▸ DATASET CONTENT
****************
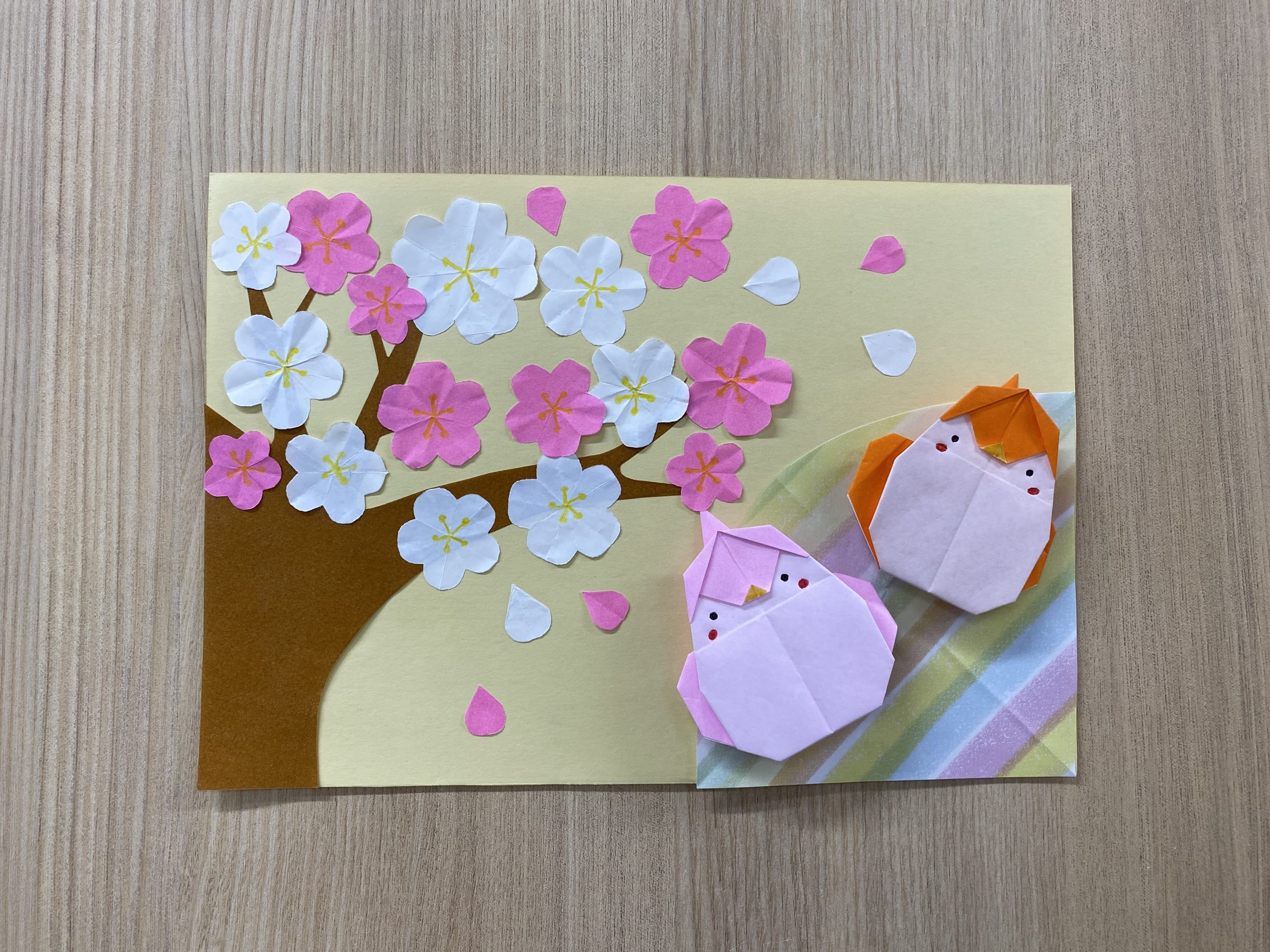 梅の花は、分かりやすいように、花の中心に黄色の色鉛筆で模様を描かれるほどのナイスアイデアっぷり!
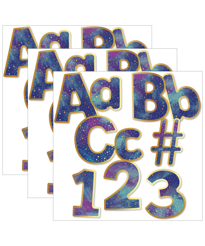 Create attention-grabbing displays with the Galaxy 4" EZ Letters Combo Pack. All characters feature a shining gold border and vibrant colors to help your message stand out! Take your displays from dull to dazzling with Carson-Dellosa's EZ Letters. These letters add an energetic touch to any classroom, and you can use them for any grade. Make sure to view other Galaxy products to create a cohesive classroom theme. This 219-piece pre-punched set includes these characters: 70 uppercase letters, 87 lowercase letters, 20 numbers, 20 punctuation marks, and 22 symbols. Sold as 3 packs for a total of 657 pieces.
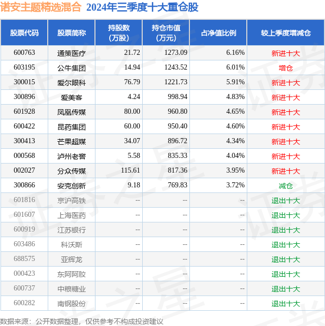 从基金规模来看,诺安主题精选混合基金2024年三季度公布的基金规模为2.07亿元,较上一期规模2.12亿元变化了-498.39万元,环比变化了-2.35%。该基金最新一期资产配置为:股票占净值比76.06%,无债券类资产,现金占净值比23.25%。从基金持仓来看,该基金当季前十大股票仓位达48.21%,第一大重仓股为通策医疗(600763),持仓占比为6.16%。
****************
▸ EXERCISE REQUIREMENTS
Every line of the listing is to be retyped exactly; pictures stay out.

▸ OUTPUT
 梅の花は、分かりやすいように、花の中心に黄色の色鉛筆で模様を描かれるほどのナイスアイデアっぷり!
 Create attention-grabbing displays with the Galaxy 4" EZ Letters Combo Pack. All characters feature a shining gold border and vibrant colors to help your message stand out! Take your displays from dull to dazzling with Carson-Dellosa's EZ Letters. These letters add an energetic touch to any classroom, and you can use them for any grade. Make sure to view other Galaxy products to create a cohesive classroom theme. This 219-piece pre-punched set includes these characters: 70 uppercase letters, 87 lowercase letters, 20 numbers, 20 punctuation marks, and 22 symbols. Sold as 3 packs for a total of 657 pieces.
 从基金规模来看,诺安主题精选混合基金2024年三季度公布的基金规模为2.07亿元,较上一期规模2.12亿元变化了-498.39万元,环比变化了-2.35%。该基金最新一期资产配置为:股票占净值比76.06%,无债券类资产,现金占净值比23.25%。从基金持仓来看,该基金当季前十大股票仓位达48.21%,第一大重仓股为通策医疗(600763),持仓占比为6.16%。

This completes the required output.